Нет ничего более сомнительного, чем подобные «социологические изыскания», и потому не станем запоминать названные здесь проценты. И все же! Разве не замечено давным-давно мудрыми людьми, что первым признаком и свидетельством нравственной катастрофы общества является полюсовое изменение эстетического идеала. И воистину, пока порок именуется пороком, он еще не торжествует, как бы убедительно он ни выглядел «в процентном отношении». Взяточничество, к примеру, или проституция, пока они так именуются, — это сфера социального подполья.
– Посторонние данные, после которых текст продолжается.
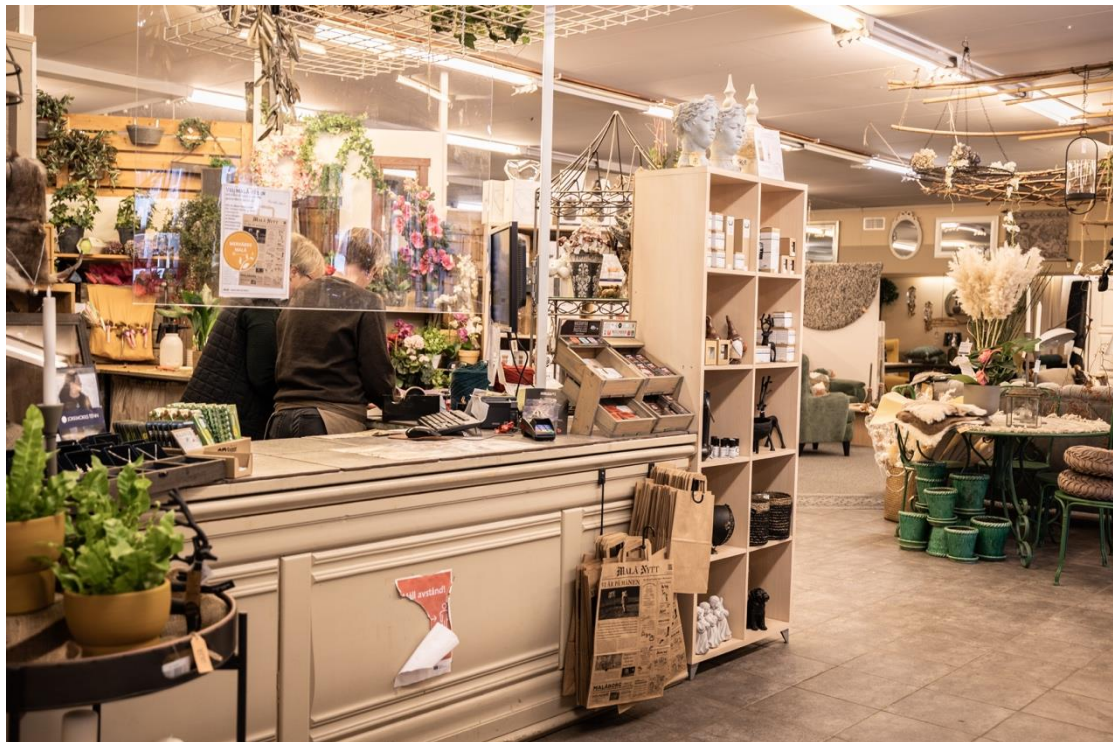
Entré och kassa

I bilagor finns mer detaljerad information.
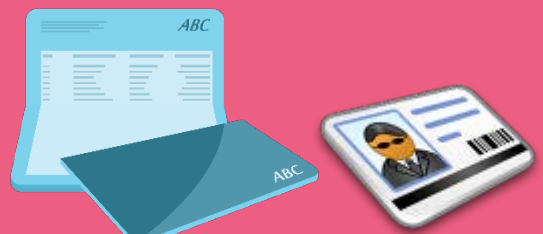
พนักงานส่งมอบเงินพร้อมคืนสมุดบัญชี และบัตรประจำตัวประชาชนให้ลูกค้า
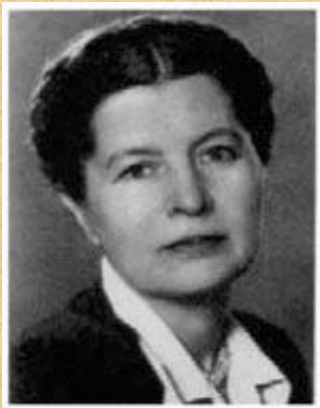
Елена Александровна Благинина
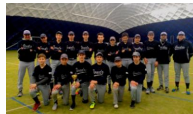
Vítězné turnaje, kadeti starší (nahore), a kadeti mladší.
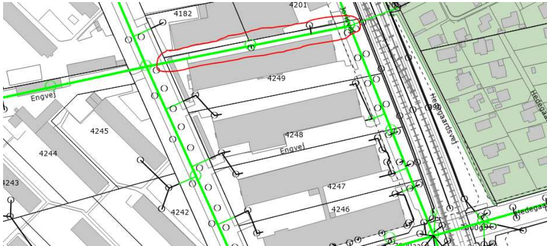
Figur 1 Markering af omtalte spildevandsledning – rød markering
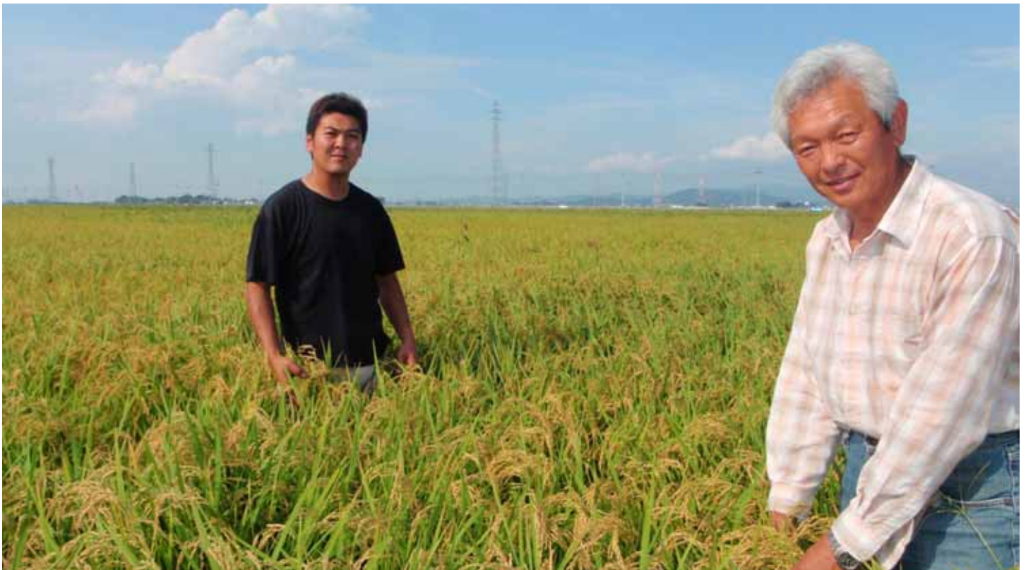
水稻生育確認状況(平成23年9月)
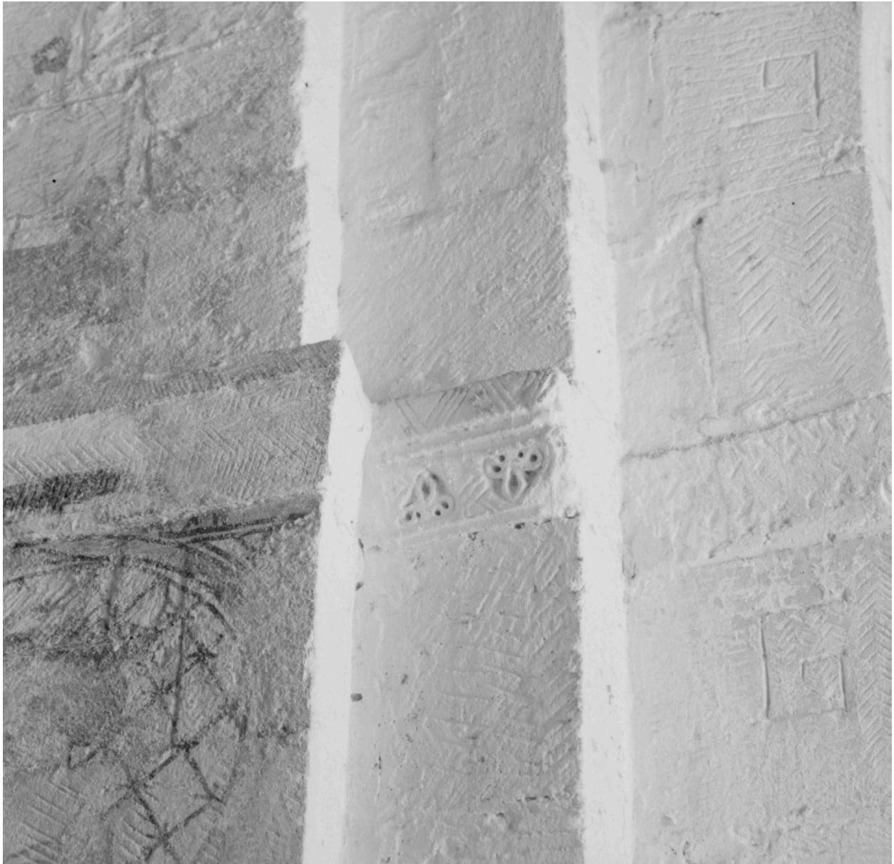
Détails de sculpture : imposte de l'arc triomphal à décor de fleurs de lys tête-bêche.
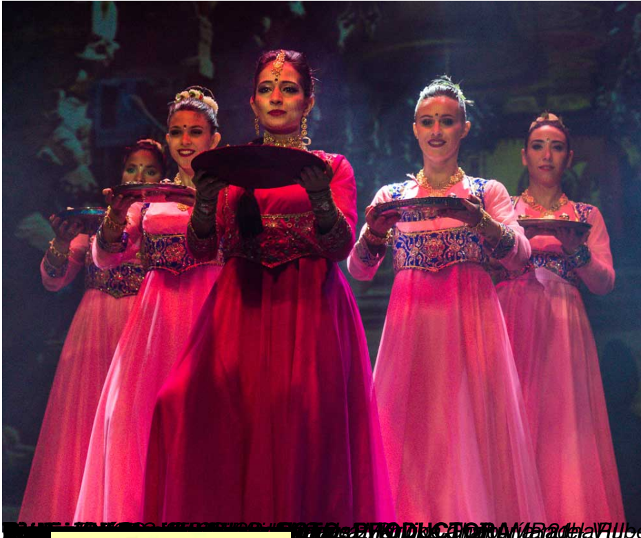
PRODUCCIÓN Wanda Ruba 2018

Jueves, 23 de Agosto de 2018 18:56 - Actualizado Viernes, 24 de Agosto de 2018 09:22
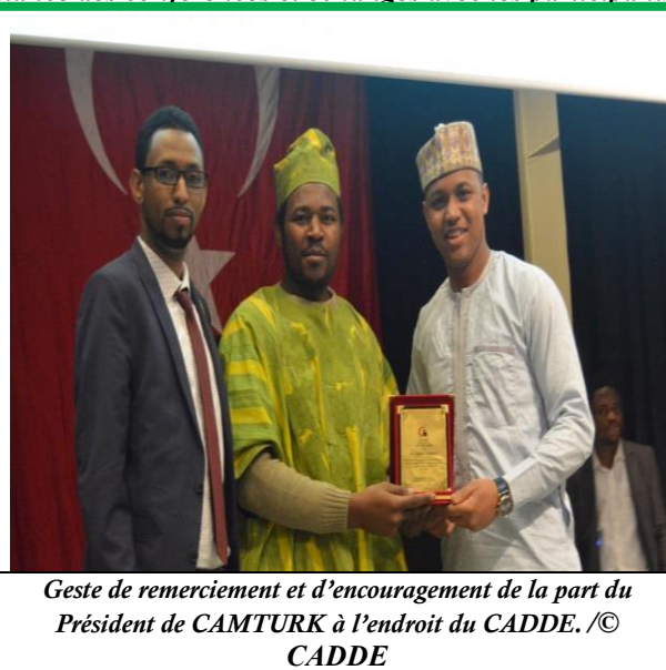
Geste de remerciement et d'encouragement de la part du Président de CAMTURK à l'endroit du CADDE.
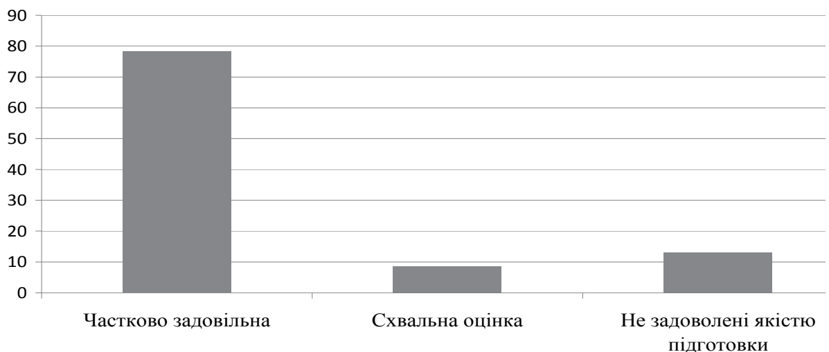
Рис. 1. Оцінювання якості професійної підготовки майбутнього фахівця за результатами опитування роботодавців

За результатами проведеного нами анкетування роботодавців (30 підприємств – 22 (73%) є приватними, 20 (68%) працюють більше 10 років на ринку; на 9-ти (30%) кількість працівників сягає 500 осіб і більше) встановлено, що якість професійної підготовки майбутніх фахівців більшість респондентів оцінили як «частково задовільну» 12 осіб (78,3%). 3 особи (8,6%) роботодавців дали схвальну оцінку якості підготовки фахівців та не задоволені якістю підготовки 4 особи (13,1%) (рис. 1) [11].
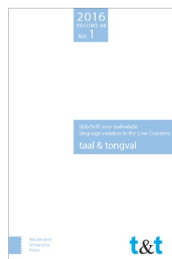
TAAL EN TONGVAL
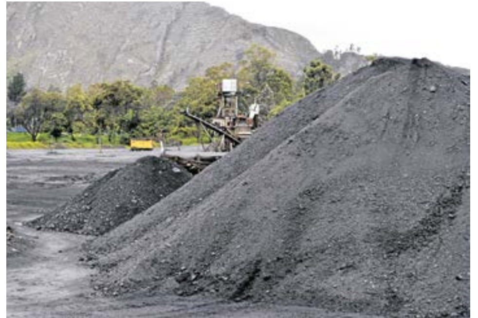
A la fecha, Israel representa el 1% de las exportaciones que hace Colombia al mundo, según las cifras del Ministerio de Comercio.

Por otro lado, entre los productos más exportados están el carbón, el café sin tostar, las flores, las piezas para aviones y helicópteros,
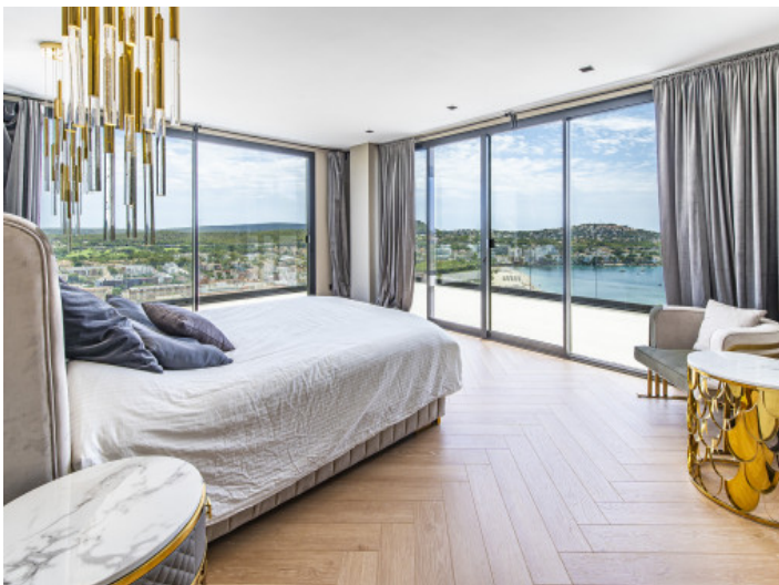
Dormitorio con ventanas grandes
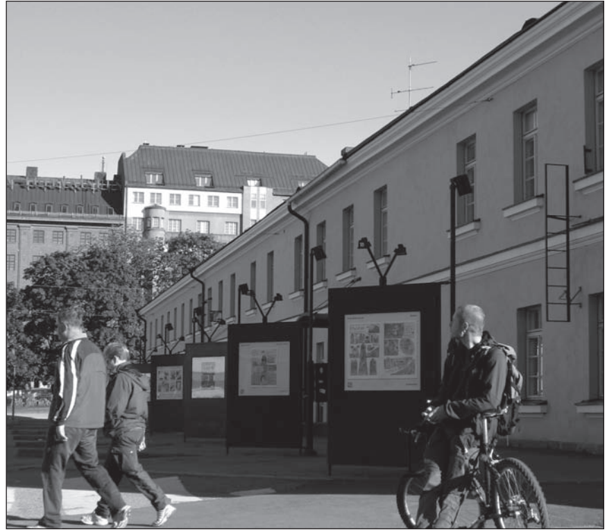
Eessuntaassun Lasipalatsin aukiolla.

valehtisiä. Tilanteemme on siis mielenkiintoinen; toisaalta albumimme ovat liian näyttäviä (ja kalliita) pienlehdiksi ja toisaalta liian vaatimattomia kilpailemaan edes pienkustantajien kanssa. Pienoinen ristiriita sanoisin. Jotenkin sitä toivoisi,
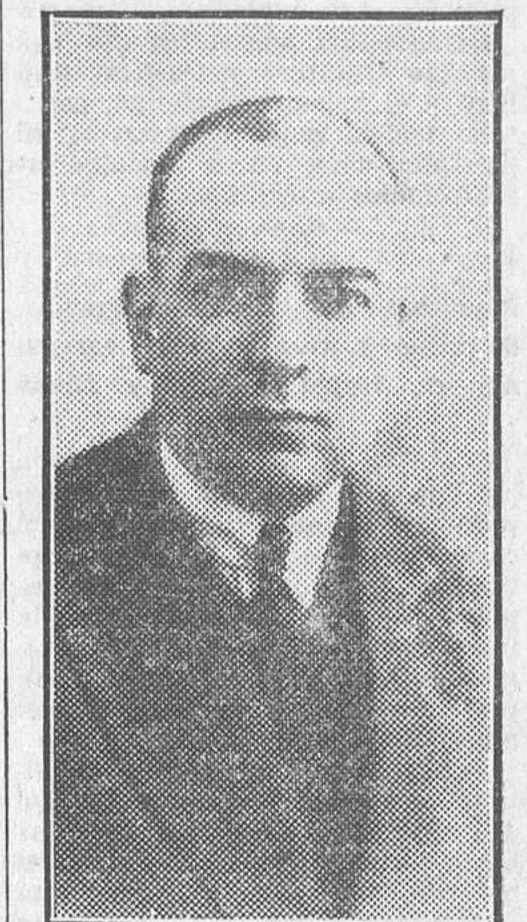
El ilustre periodista Carlos Esplá

Ha pasado unos días en Madrid Carlos Esplá, uno de los más claros valores de nuestro periodismo, que, desde su atalaya de París, ha sido, en los seis años inicios de la Dictadura, el guía
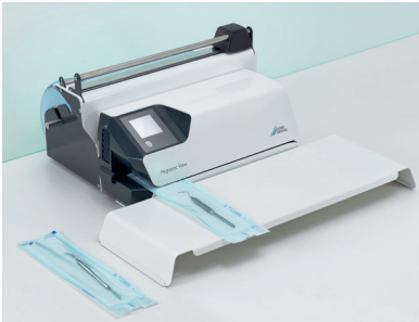
Instrumententisch und Hygofol Station zur Tischaufstellung

Mit dem Zubehör und den Verpackungsfolien aus dem Hygopac System meistern Sie die Arbeit mit links. Der tägliche Siegelnahttest Hygopac Sealcheck ermöglicht die tägliche Kontrolle der Siegelnahtqualität auf einen Blick und bringt so ein zusätzliches Stück Sicherheit.
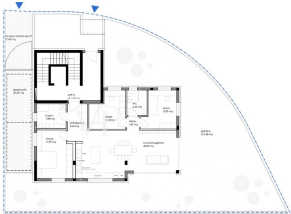
EDIFICIO B_lotto D PIANTA PIANO TERRA SCALA 1:100
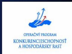
Schéma podpory pre začínajúcich podnikateľov (DM)

Но назовите взятку подарком, а проститутку — жрицей свободной любви, и произойдет нравственное санкционирование явления, еще вчера имевшего сколь угодно малый, но все же шанс на искоренение.

А за свидетельствами полюсовых изменений в эстетике не нужно далеко ходить: это сплошные «вальпургиевы ночи» на эстраде и по каналам телевидения; это мат и похабство в литературе; это конфискация Божьего мира с полотен живописцев, подмена Творения растворением в распаде.

И когда Информация втолковывает нам, что налицо опасные тенденции расколов в обществе по экономическим и политическим интересам, мне порой представляется, что куда более опасные социальные трещины просматриваются отсюда, из окна редакции журнала «Москва»...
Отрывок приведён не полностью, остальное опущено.